How Does Adiabatic Quantum Computation Fit into Quantum Automata Theory?
Tomoyuki Yamakami
TL;DR
This work introduces adiabatic evolutionary quantum systems (AEQS) as a bridge between adiabatic quantum computation and quantum automata theory, incorporating constant-memory (finite automata) models to generate the Hamiltonians governing adiabatic evolution. By allowing nonuniform, resource-bounded Hamiltonian construction via quantum quasi-automata (1qqaf/1moqqaf/2qqaf families), the paper demonstrates how a broad class of decision problems can be solved with controlled system size, spectral gaps, and energies, and it shows concrete simulations for 1moqfa, garbage-tape 1qfa, unambiguous pushdown automata, and polynomial-size 2qfa languages. It develops a formal framework for conditional AEQSs AEQS(F), analyzes closure properties, and connects AEQS classes to existing complexity classes (e.g., ptime-BQL/poly), while outlining future research directions in uniformity, optimal condition sets, and broader machine-model integrations. The results provide a structured, automata-theoretic lens on adiabatic quantum computing, enabling principled resource-bounded realizations of quantum computations with potential practical impact on near-term devices and theoretical insights into quantum computational models. All mathematical constructs are given with explicit Hamiltonians, spectral gaps, and ground-state proximity criteria to support rigorous classification of languages under AEQS-based complexity.
Abstract
Quantum computation has emerged as a powerful computational medium of our time, having demonstrated the remarkable efficiency in factoring a positive integer and searching databases faster than any currently known classical computing algorithm.
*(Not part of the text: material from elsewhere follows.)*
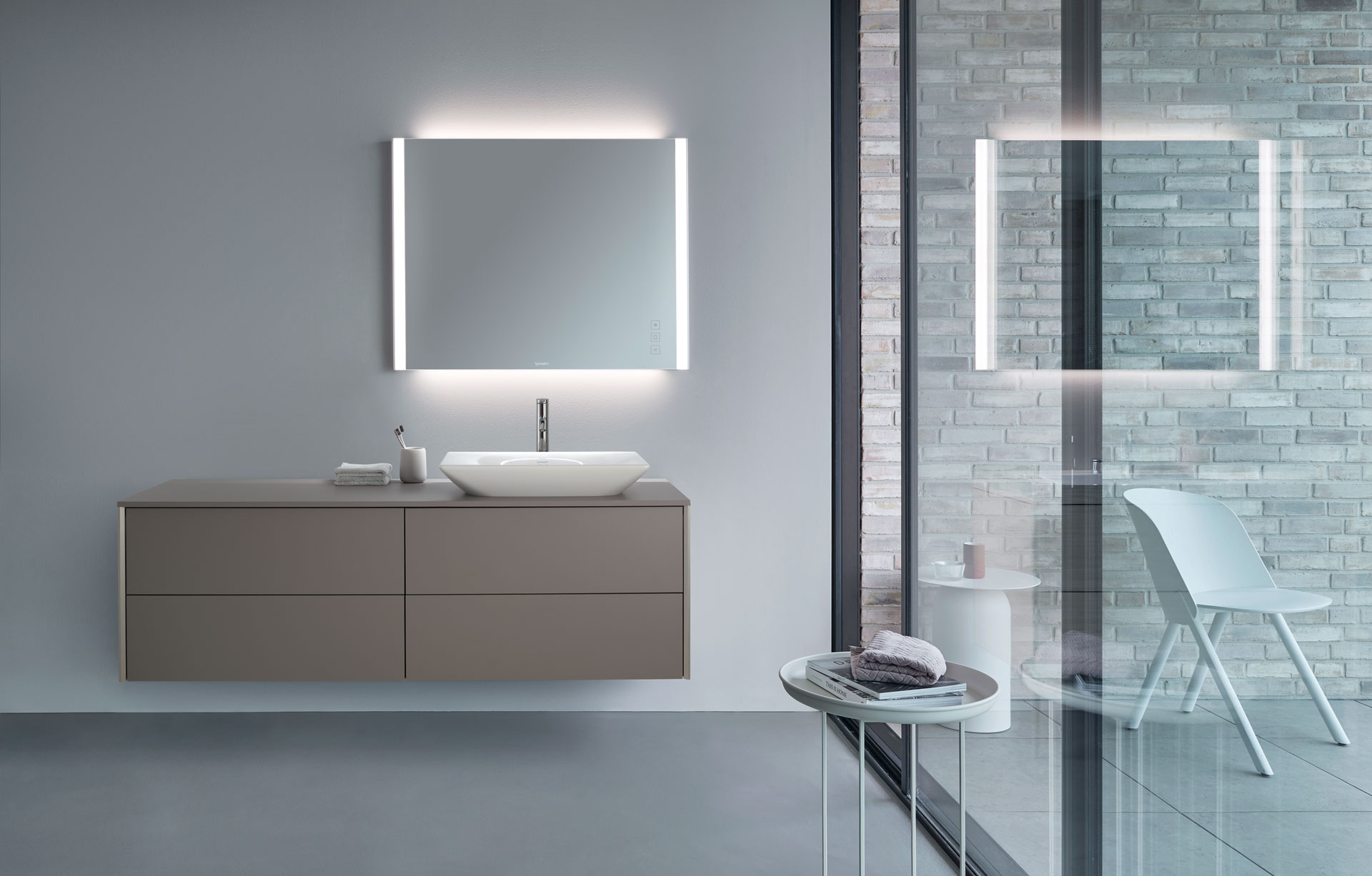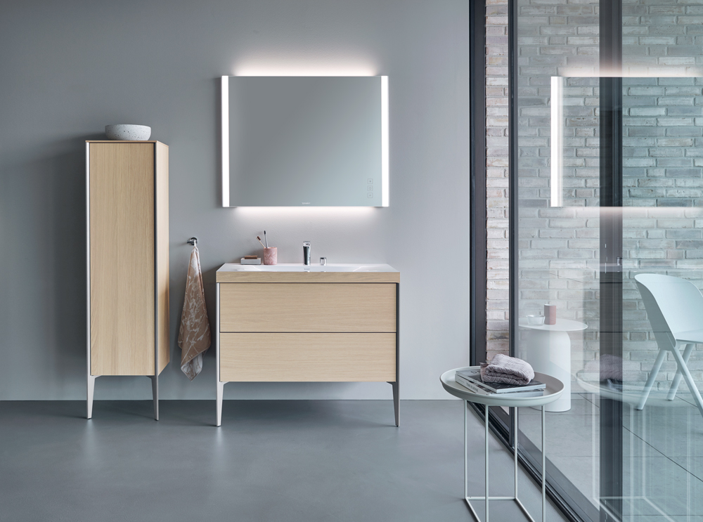 Боковые профили зеркальных шкафов с полностью зеркальными сторонами отражают индивидуальный язык дизайна XViu. Вариант с пиктограммой управления на поверхности зеркала, впервые среди зеркальных шкафов, также имеет режим рассеянного освещения и функцию переключения цветного освещения.

Adiabatic evolution of quantum systems have been studied as a potential means that physically realizes quantum computation. Up to now, all the research on adiabatic quantum systems has dealt with polynomial time-bounded computation and little attention has been paid to, for instance, adiabatic quantum systems consuming only constant memory space. Such quantum systems can be modeled in a form similar to quantum finite automata. This exposition dares to ask a bold question of how to make adiabatic quantum computation fit into the rapidly progressing framework of quantum automata theory. As our answer to this eminent but profound question, we first lay out a fundamental platform to carry out adiabatic evolutionary quantum systems (AEQSs) with limited computational resources (in size, energy, spectral gap, etc.) and then establish how to construct such AEQSs by operating suitable families of quantum finite automata. We further explore fundamental structural properties of decision problems (as well as promise problems) solved quickly by the appropriately constructed AEQSs.